Crystallization and structure determination
Selenomethionine (SeMet)-substituted TaqVP was expressed by culturing E. coli in synthetic minimal media supplemented with 200 mg/L L(+)− selenomethionine (Sigma) [28]. Purified SeMet-labeled TaqVP was concentrated to 50 mg/mL by ultrafiltration (10 kDa MWCO Amicon, Millipore); the concentration of TaqVP was determined using a calculated molar extinction coefficient at 280 nm of 80,900M−1cm−1.
Crystals of SeMet-labeled TaqVP were grown by the hanging drop method at 20 °C by mixing 1 μL of TaqVP (50 mg/mL) and 1 μL of 15 % (w/v) 2-methyl-2,4-pentanediol, 20 mM CaCl2, 100 mM sodium acetate, pH 4.6. Crystals were cryoprotected by soaking in the precipitant solution supplemented with 20% glycerol. Single-wavelength anomalous dispersion (SAD) data were collected at Advanced Photon Source (Argonne, IL) beamline 24-ID-E. Diffraction data were indexed, integrated, and scaled with MOSFLM [29–31]. Se sites were located from SAD data of SeMet-labeled TaqVP, and initial phases were determined using SOLVE [32]. All five methionines (M1, M24, M112, M227, and M320) were located, and the asymmetric unit was found to contain four molecules of TaqVP.
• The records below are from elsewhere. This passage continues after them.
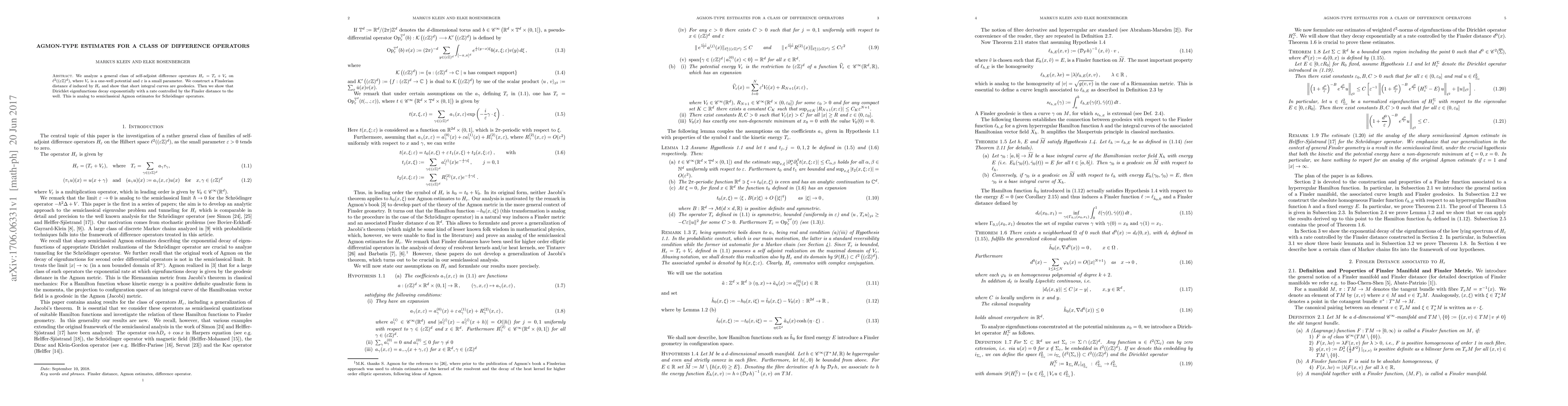 We analyze a general class of self-adjoint difference operators $H_\varepsilon = T_\varepsilon + V_\varepsilon$ on $\ell^2(\varepsilon\mathbb{Z}^d)$, where $V_\varepsilon$ is a one-well potential and $\varepsilon$ is a small parameter. We construct a Finslerian distance $d$ induced by $H_\varepsilon$ and show that short integral curves are geodesics. Then we show that Dirichlet eigenfunctions decay exponentially with a rate controlled by the Finsler distance to the well. This is analog to semiclassical Agmon estimates for Schr\"odinger operators.
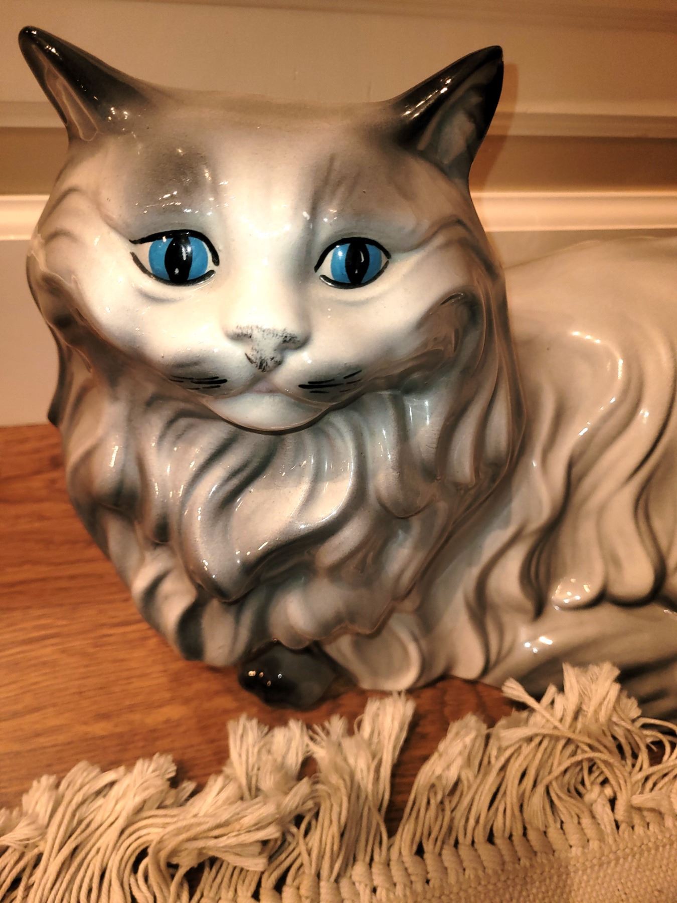 Porcelain 11x 16" long haired cat. Pickup 9-10am.
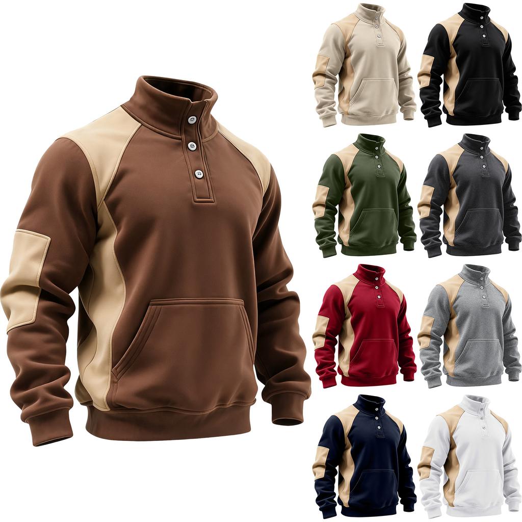 Мужская толстовка худи с цветными блоками, воротником-стойкой и застежкой на пуговицы, спортивная повседневная толстовка большого размера — купить товар онлайн с бесплатной доставкой по всему миру!
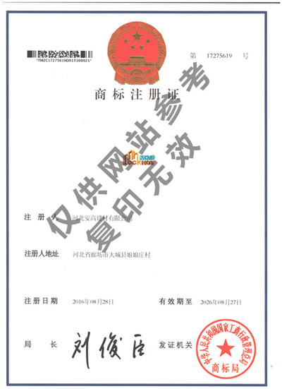 備案號(hào):冀ICP備16008856號(hào)-1 版權(quán)所有:河北安高建材有限公司 手機(jī):15933646451 地址:河北省大城縣里坦鎮(zhèn)娘娘莊村北 企業(yè)網(wǎng)站建設(shè):新天地網(wǎng)絡(luò)
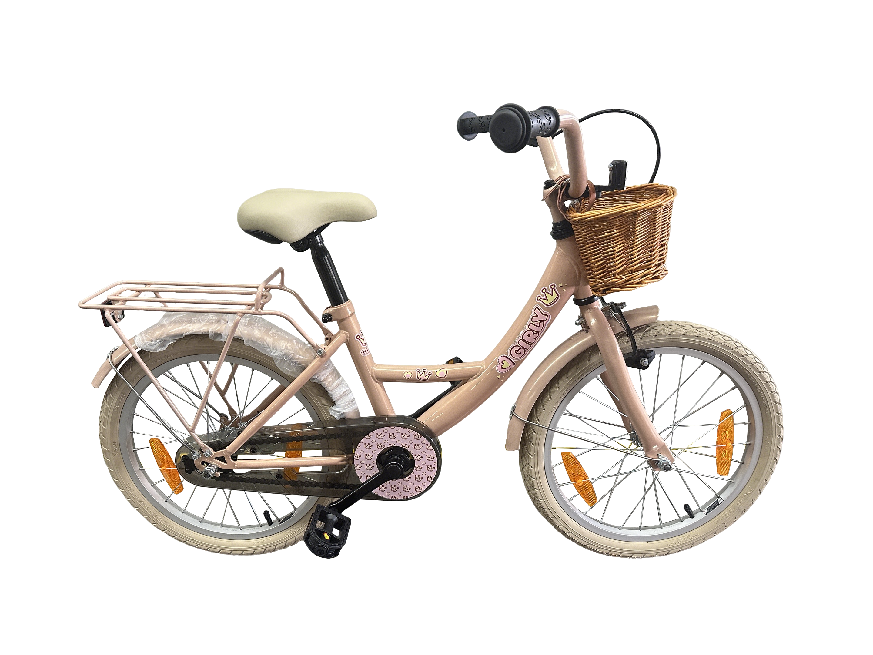 Das Bikefun Girly 18 Zoll ist ein schöner Mädchenfahrrad in einem sanften Rosenton, ideal für Kinder im Alter von ca. 5 bis 7 Jahren. Diese Fahrrad strahlt Stil und Verspieltheit aus mit seinen fröhlichen Prints, einem komfortablen Sattel und praktischen Extras wie einem Gepäckträger sowie dem Rattan-Korb am Lenker. Die robuste Konstruktion und kinderfreundliche Details machen dieses Modell perfekt für den täglichen Gebrauch und längere Fahrten.
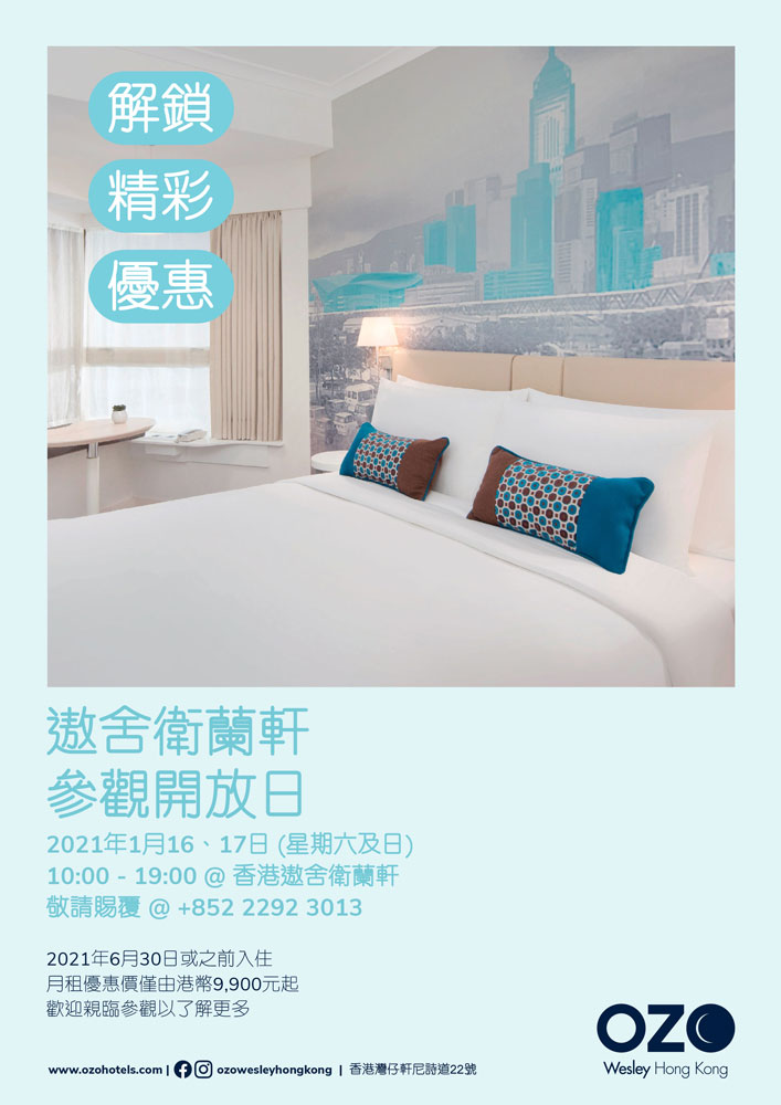 香港遨舍衛蘭軒宜加出左月租優惠勁平,連住三十晚,標準客房每晚只係HK$300,月租只係HK$9,900,灣仔區啲service apartment以前閑閑地都要二萬蚊一個月,所以疫情下先有咁平,如果有需要月租可以考慮下,Check過佢唔係檢疫酒店。另外,1 月 16 及 17 日(星期六及日)酒店會有開放日,歡迎有興趣人士參觀。
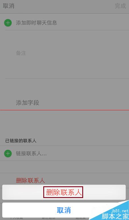 3、在“编辑”联系人窗口,向下滑动,直到编辑联系人的底部,我们就可以看到“删除联系人”选项了。
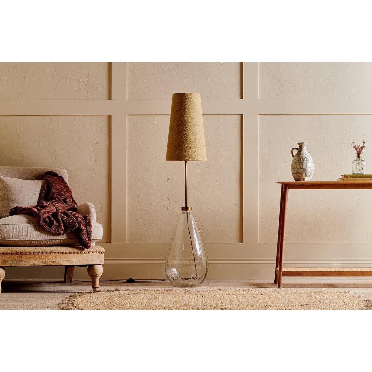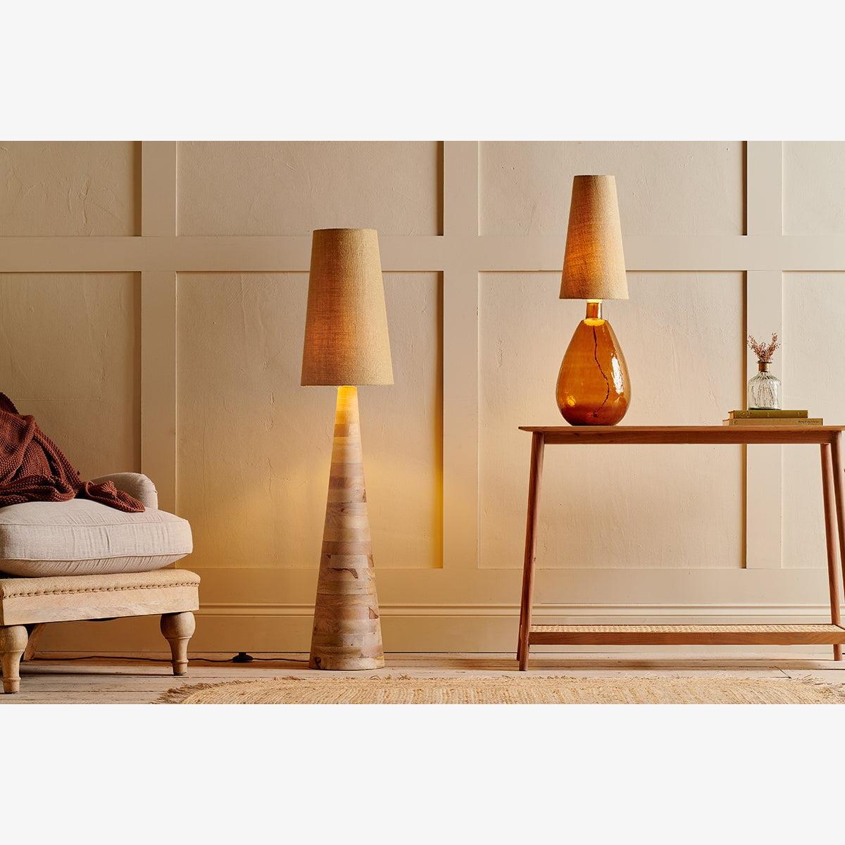 The striking tall shape of the Dia tall shade has a neutral tone. The extra tall conical style lampshade is a stylish and easy way to reinvigorate a current table or floor lamp. The interesting shape feels modern and fresh and is surprisingly versatile. The jute fabric has a 'slubby' texture that diffuses light softly, creating a ambiant setting.
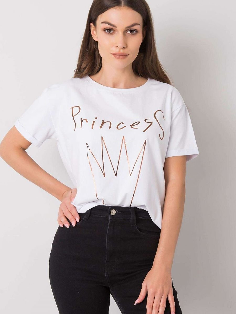 Tshirt damski z krótkim rękawkiem oraz okrągłym dekoltem. Na przodzie ozdobny nadruk.
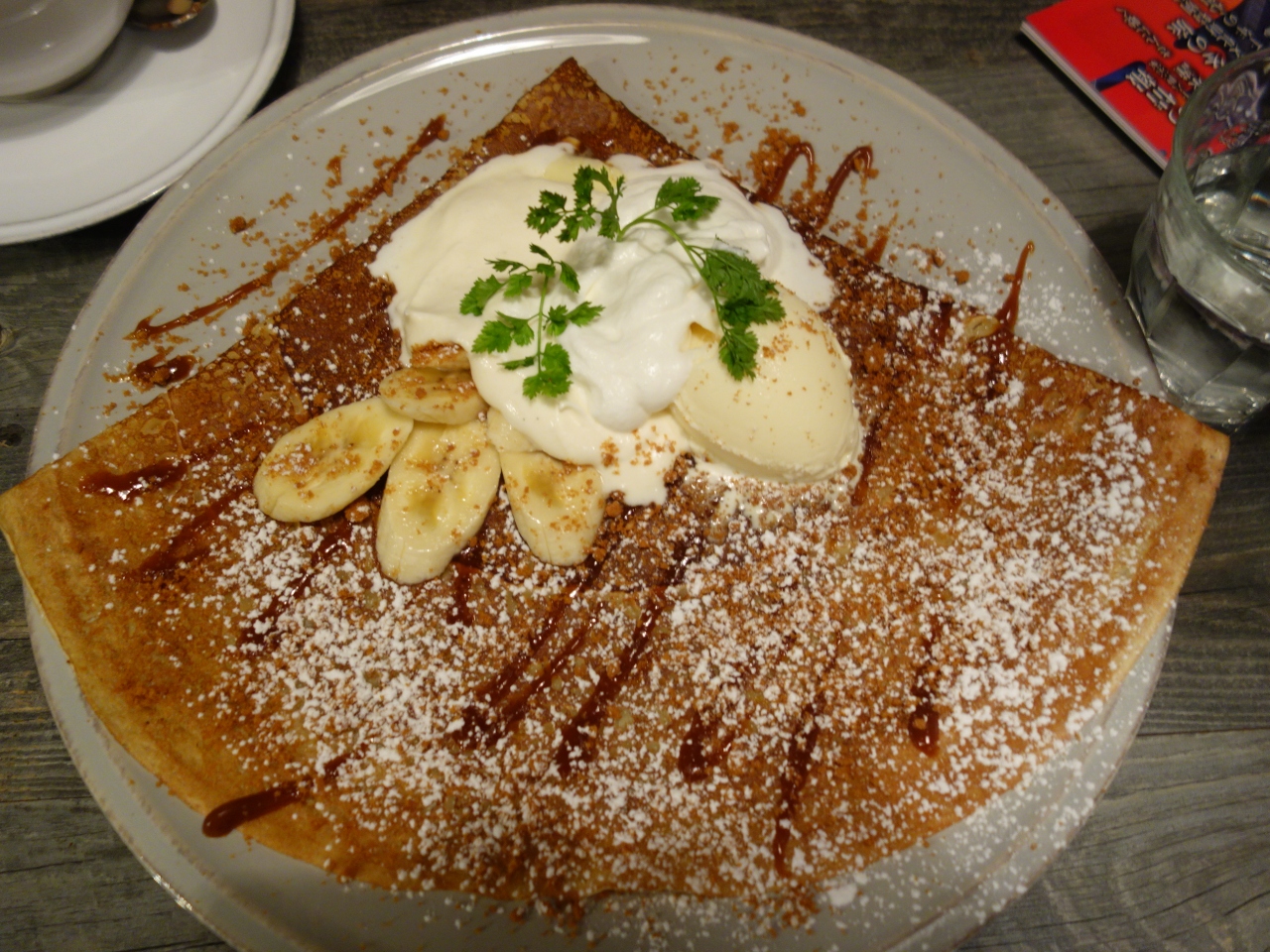京都にもおいしいクレープ屋さんがあります。ここがその例です。クレープとガレットがおいしくいただけます。お値段もリーズナブル。すてきな雰囲気のお店です。夷川通りですので,市中の喧騒とはちょっと離れています。落ち着いてクレープやガレットをいただきたい人はぜひどうぞ。
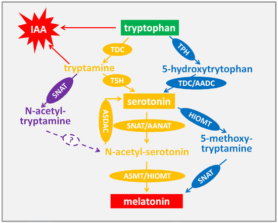 In the animal system, melatonin is secreted in the pineal gland. However, there is no such organ in plants, and this difference implies that the melatonin biosynthesis pathway in plants is slightly different from that in animals. Contrary to the animal system, melatonin distributes in various organs, such as the root, stem and leaf in plants. Multiple factors can stimulate melatonin biosynthesis in plants. Light is one environment factor that regulates the biosynthesis of melatonin [27]. In addition, the development process, such as fruit maturation [28], leaf development [29] and senescence [30], and environment stresses, including ultraviolet-B (UV-B) radiation [31], drought, cold [32] and heat [33], are involved to stimulate biosynthesis of melatonin. In a wide range of plant species, melatonin biosynthesis begins from tryptophan. It is catalyzed by tryptophan decarboxylase (TDC) and converted to tryptamine, and then tryptamine 5-hydroxylase (T5H) catalyzes tryptamine to serotonin, which will be converted to melatonin via two steps [34]. In some other plants, such as Hypericum perforatum, tryptophan is catalyzed into 5-hydroxytrytophan by tryptophan 5-hydroxylase (TPH), and then TDC/AADC (aromatic-l-amino-acid decarboxylase) converts 5-hydroxytrytophan to serotonin [35]. This pathway is the same as that in animals. In the next two steps, serotonin is converted to N-acetyl-serotonin by serotonin N-acetyltransferase (SNAT)/arylalkylamine N-acetyltransferase (AANAT), and then N-acetyl-serotonin methyltransferase (ASMT)/hydroxyindole-O-methyltransferase (HIOMT) catalyzes N-acetyl-serotonin into melatonin. Additionally, tryptamine can be catalyzed by SNAT into N-acetyl-tryptamine, which is not further converted into N-acetyl-serotonin by T5H [36]. It is difficult to determine whether there is a pathway to converting N-acetyl-tryptamine into N-acetyl-serotonin. The other pathway is to convert serotonin into 5-methoxy-tryptamine by HIOMT and, finally, to catalyze 5-methoxy-tryptamine into melatonin by SNAT [37,38] (Figure 1). Meanwhile, the chemical structures of the compounds are showed in Figure 2. Recently, a reverse melatonin pathway was reported, in which N-acetyl-serotonin is converted into serotonin by N-acetyl-serotonin deacetylase [39]. Furthermore, tryptophan is not only the resource of melatonin, but also the precursor of indole-3-acetic acid (IAA), maybe implying the multifunctional role of melatonin in plants.
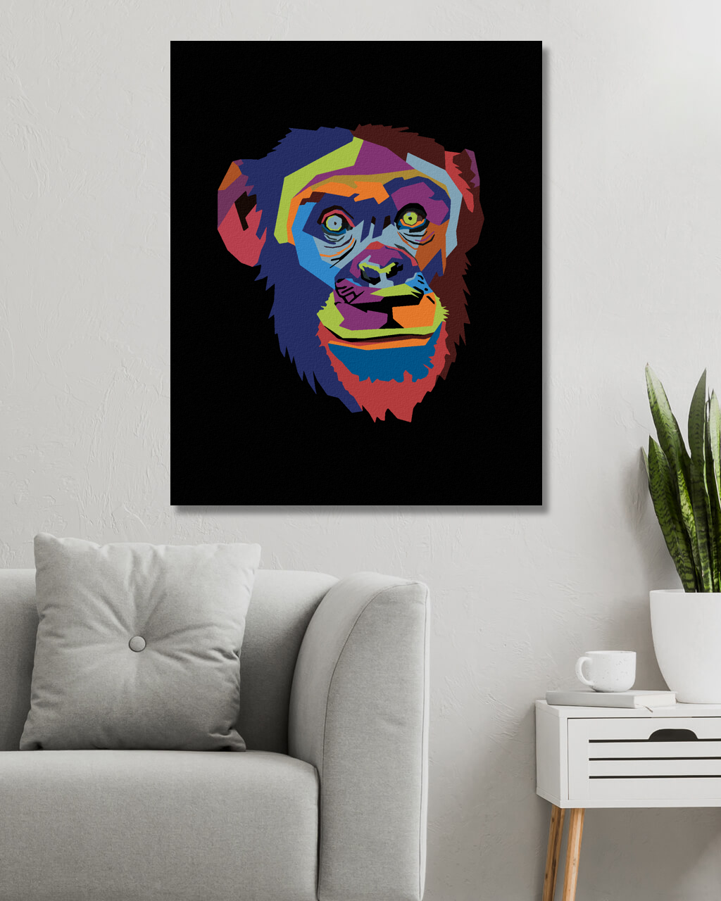 диамантени гоблени - ПОП АРТ МАЙМУНА НА ЧЕРЕН ФОН
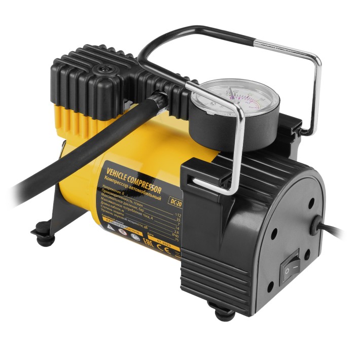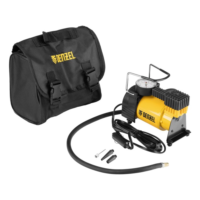 Автомобильный компрессор Denzel DC-20 58054 производительностью 35 л/мин работает от источника питания 12 В, создает давление 7 атмосфер и используется для быстрого накачивания шин автомобильных колес. Благодаря увеличенной мощности на подкачку колеса R16 потребуется не более 4-5 минут. Компрессор также подойдет для накачки мячей, надувных лодок, тюбингов и прочего снаряжения. Устройство не требует технического обслуживания и незаменимо в поездке или во время отдыха на природе.ПреимуществаКомпрессор оснащен манометром, что упрощает контроль давления и позволяет вовремя прекратить накачку.Прочный металлический корпус устойчив к механическим повреждениям.В комплект входит 3 насадки для подключения к ниппелям разных типов.Компрессор весит всего 2 кг и снабжен удобной ручкой для удобства перемещения.К компрессору прилагается сумка-чехол для хранения и транспортировки. Гарантия на заводской брак составляет 3 года, что подтверждает высокое качество компрессора.
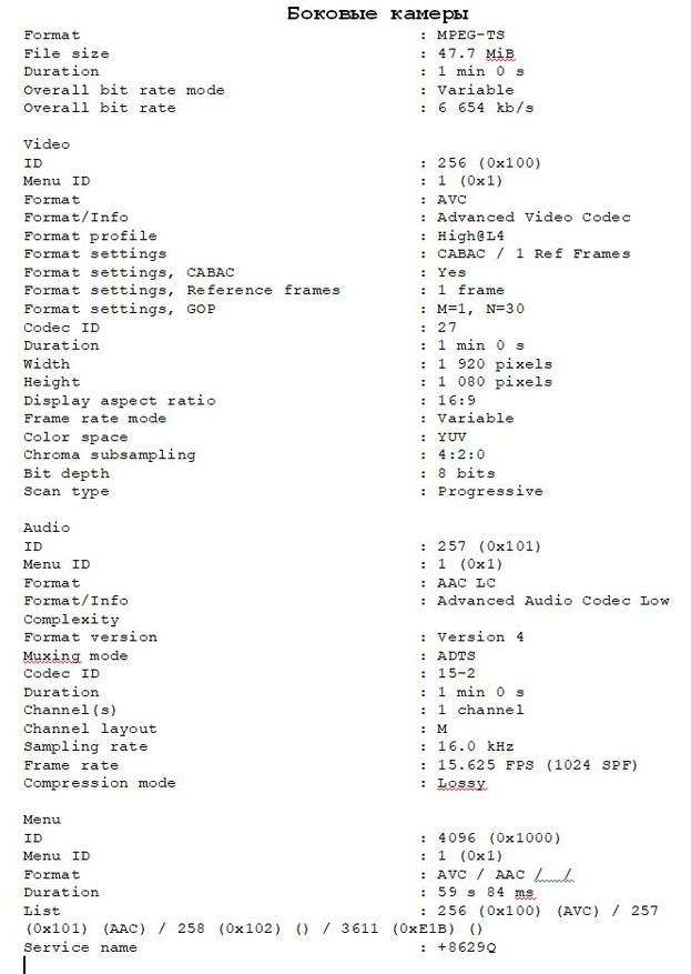 | Формат записи | TS, кодек H.264 |
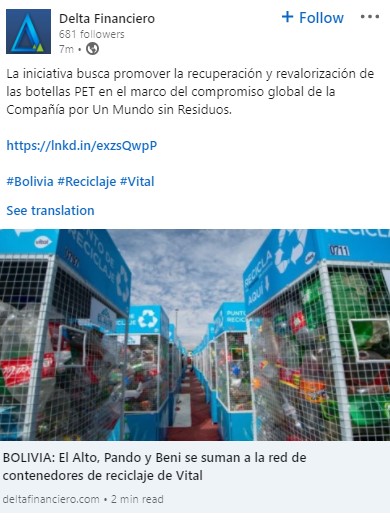 - El alto, Pando y Bendi Bolivia se unen a la iniciativa de incorporar contenedores para reciclar botellas PET.
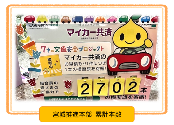 2019年よりマイカー共済のお見積もり1件につき、1本の横断旗を寄贈する取り組みを
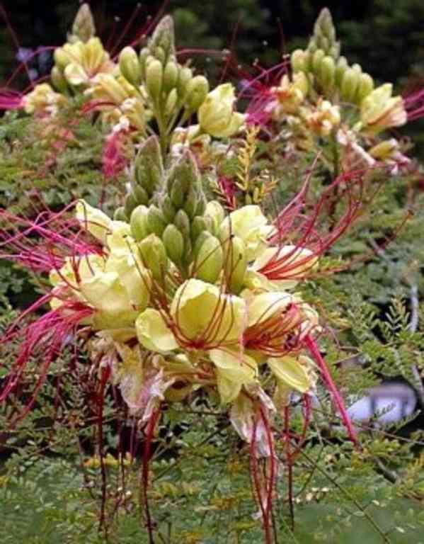 Caesalpinia Gilliesii je teplomilný opadavý keř, který má svůj původ v jižní Americe, kde roste i v podobě menšího stromu. Běžně je pěstován ve Středozemí i v tropech celého světa. V našich klimatických podmínkách musí přezimovat v bezmrazých prostorách. Snad pro jeho nádherné květy je znám též jako „Pták z ráje“. Doba květu Caesalpinia Gilliesii je červenec až srpen.

An initial model of TaqVP was built by automatic means using Autobuild (within Phenix). A total of 75 iterative rounds of manual model building and maximum likelihood refinement were carried out with Refine (within Phenix) using default parameters, with each refinement step consisting of 3 cycles [33, 34]. Each refinement step included manual model rebuilding with COOT, guided by σA-weighted 2mFo-DFc and mFo-DFc difference maps [35]. One round of TLS parameterization with default settings was then used, followed by the addition of water, calcium, and acetate ions into ≥3σ mFo-DFc density. Structure validation was carried out with Molprobity [36], and molecular figures were generated with PyMOL (http://www.pymol.org/). The crystal structure and structure factors have been deposited to the Protein Data Bank (accession no. 5VF4).
Structural alignment of VR and equivalent regions
The structure of the VR of TaqVP (amino acids 341–374) was compared to that of the VR of Mtd (amino acids 337–381), TvpA (amino acids 285–329), and AvpA (amino acids 181–210) using FATCAT [37].
CD Spectroscopy
CD spectra of Taq VP, Mtd-P1, and TvpA were collected between 195 and 260 nm at 24 °C with 1-nm intervals, and temperature denaturation scan was carried out between 25 °C and 110 °C at 216 nm with 1° intervals, using a quartz cell with a 1-mm path length on a model 202 spectrometer (Aviv Instruments) equipped with thermoelectric temperature control. Measurements were collected for Taq VP, Mtd-P1, and TvpA samples at 0.4 mg/mL, 0.3 mg/mL and 0.3 mg/mL, respectively. Protein samples were in 40 mM NaF, 10 mM NaPi buffer, pH 7.5. The CD signal from buffer alone was subtracted from the data before conversion to mean residue ellipticity.